NÜBÜVVET
¬بِسْمِ اللّٰهِ الرَّحْمٰنِ الرَّحِيمِ
وَ بِهِ نَسْتَعِينُ
اَلْحَمْدُ لِلّٰهِ رَبِّ الْعَالَمِينَ وَ الصَّلاَةُ وَ السَّلاَمُ عَلَى سَيِّدِنَا مُحَمَّدٍ وَ عَلَى آلِهِ وَ صَحْبِهِ اَجْمَعِينَ
NÜBÜVVET
(Bk: Muhammed (A.S.M.)
Peygamberlik, nebilik. Allah’ın bildirdiği hakikatları, emir ve yasak gibi hükümleri tebliğ etmek vazifesi ve makamını ifade eder.
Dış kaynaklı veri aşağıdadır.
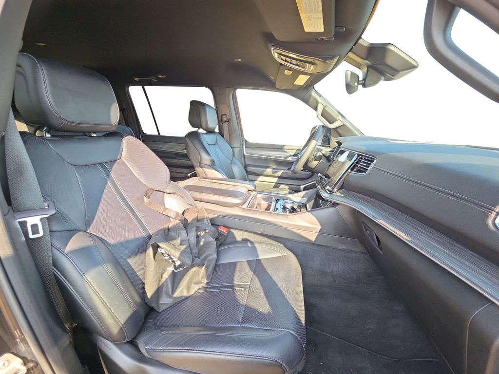 Priced below KBB Fair Purchase Price! 10 Speakers, 3.55 Rear Axle Ratio, 3rd row seats: bench, 4-Wheel Disc Brakes, 8-Passenger Seating, ABS brakes, Adjustable pedals, Air Conditioning, Alloy wheels, AM/FM radio: SiriusXM with 360L, Anti-whiplash front head restraints, Apple CarPlay/Android Auto, Audio memory, Auto High-beam Headlights, Auto-dimming door mirrors, Auto-dimming Rear-View mirror, Auto-leveling suspension, Automatic temperature control, Brake assist, Bumpers: body-color, Compass, Delay-off headlights, Driver door bin, Driver vanity mirror, Driver's Seat Mounted Armrest, Dual front impact airbags, Dual front side impact airbags, Electronic Stability Control, Emergency communication system: Wagoneer Connect, Exterior Parking Camera Rear, Four wheel independent suspension, Front anti-roll bar, Front Bucket Seats, Front Center Armrest w/Storage, Front dual zone A/C, Front fog lights, Front reading lights, Full Length Floor Console, Fully automatic headlights, Garage door transmitter, Genuine wood console insert, Genuine wood dashboard insert, Genuine wood door panel insert, Heads-Up Display, Heated door mirrors, Heated front seats, Heated rear seats, Heated steering wheel, Illuminated entry, Knee airbag, Leather Trimmed Bucket Seats, Low tire pressure warning, Memory seat, Navigation System, Normal Duty Suspension, Occupant sensing airbag, Outside temperature display, Overhead airbag, Overhead console, Panic alarm, Passenger door bin, Passenger seat mounted armrest, Passenger vanity mirror, Pedal memory, Power adjustable front head restraints, Power door mirrors, Power driver seat, Power Liftgate, Power passenger seat, Power steering, Power windows, Preferred Equipment Group (DISC), Quadra-Lift Air Suspension, Quick Order Package 25N, Radio data system, Radio: Uconnect 5 Nav w/10.1" Display, Rain sensing wipers, Rear air conditioning, Rear anti-roll bar, Rear reading lights, Rear seat center armrest, Rear window defroster, Rear window wiper, Reclining 3rd row seat, Remote keyless entry, Security system, Semi Active Damping, Speed control, Speed-sensing steering, Speed-Sensitive Wipers, Split folding rear seat, Steering wheel memory, Steering wheel mounted audio controls, Tachometer, Telescoping steering wheel, Tilt steering wheel, Traction control, Trip computer, Turn signal indicator mirrors, Variably intermittent wipers, Ventilated front seats, Voltmeter, Wheels: 20" x 9.0" Aluminum (DISC).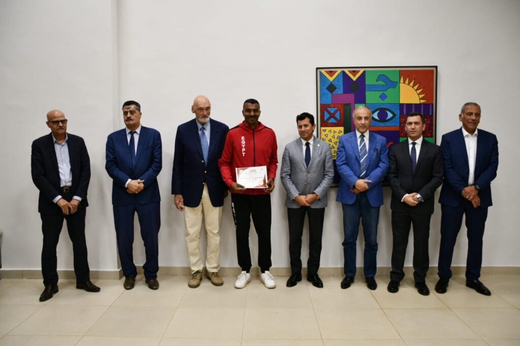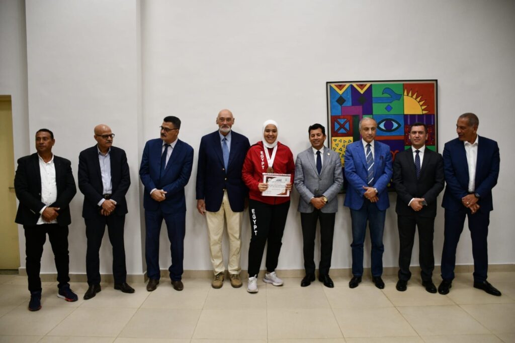 حضر التكريم الدكتور عادل رضوان رئيس قطاع الرياضة بوزارة الشباب والرياضة والدكتور محمد الكردي رئيس الادارة المركزية للاداء الرياضي وماهر الغريب مدير عام التكريم بوزارة الرياضة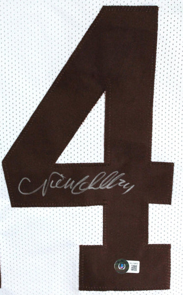 THIS IS NOT AN NFL JERSEY. THIS HAS NO TAGS, NO LOGOS, NO EMBLEMS. This is a Nick Chubb of Cleveland Browns hand autographed custom made (non name brand) authentic style (stitched letters and numbers) jersey. This item has a Beckett Authentication, which comes with a numbered hologram and a QR code for verification. You can view this item on the Beckett Authentication website and it shows when and where the item was signed. It was signed either at a public autograph appearance or a private signing. This is a stock photo of the item. Although you may not receive this exact item, the item you receive is virtually identical, brand new, and in great shape. Jersey size is XL. THIS IS NOT AN NFL JERSEY. THIS HAS NO TAGS, NO LOGOS, NO EMBLEMS. This is a Nick Chubb of Cleveland Browns hand autographed custom made (non name brand) authentic style (stitched letters and numbers) jersey. This item has a Beckett Authentication, which comes with a numbered hologram and a QR code for verification. You can view this item on the Beckett Authentication website and it shows when and where the item was signed. It was signed either at a public autograph appearance or a private signing. This is a stock photo of the item. Although you may not receive this exact item, the item you receive is virtually identical, brand new, and in great shape. Jersey size is XL.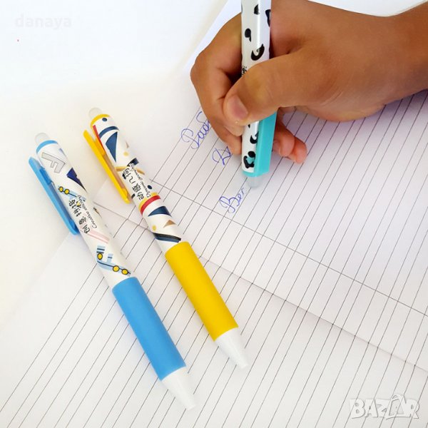 Син химикал с изтриващо се мастило и гумичка в края си. Изтрива се много лесно и бързо и не оставя следи. Особено подходящ за деца от началните класове, за решаване на кръстословици, судоку или писане на лични бележки. Химикалите се предлагат в много свеж цветен принт. Гумирано покритие в долната част, непозволяващо хлъзгане на ръката.

“Nebi, “Nebe”den müştak olarak aslında نبى (nebe’) dir ki, nebi: Allah Teala’dan vahiy ile haber getiren demektir. Ve tam “Peygamber” müradifidir. cem’inde enbiya ve nebiyyîn gelir. Nebi resulden eamdır. Her resul nebidir, fakat her nebi resul değildir. Maamafih Kur’anda müradif olarak kullanıldığı da vardır.” E.T. 370
Kuran (14:11) âyetinde “Peygamberliği Allah dilediğine verir” diye bildirilir.
«Peygambere “nebi” de denir. Maamafih, yeni bir kitab ile yeni bir şeriat ile bir ümmete peygamber gönderilmiş olan zata nebi peygamber denildiği gibi “resul”, “mürsel” de denir. Yeni bir kitab ve yeni bir şeriat ile gönderilmeyip de kendisinden evvelki bir peygamberin kitabını ve şeriatını ümmetine bildirmeğe me’mur olmuş olan zata da yalnız nebi veya peygamber denilir, resul ve mürsel denilmez..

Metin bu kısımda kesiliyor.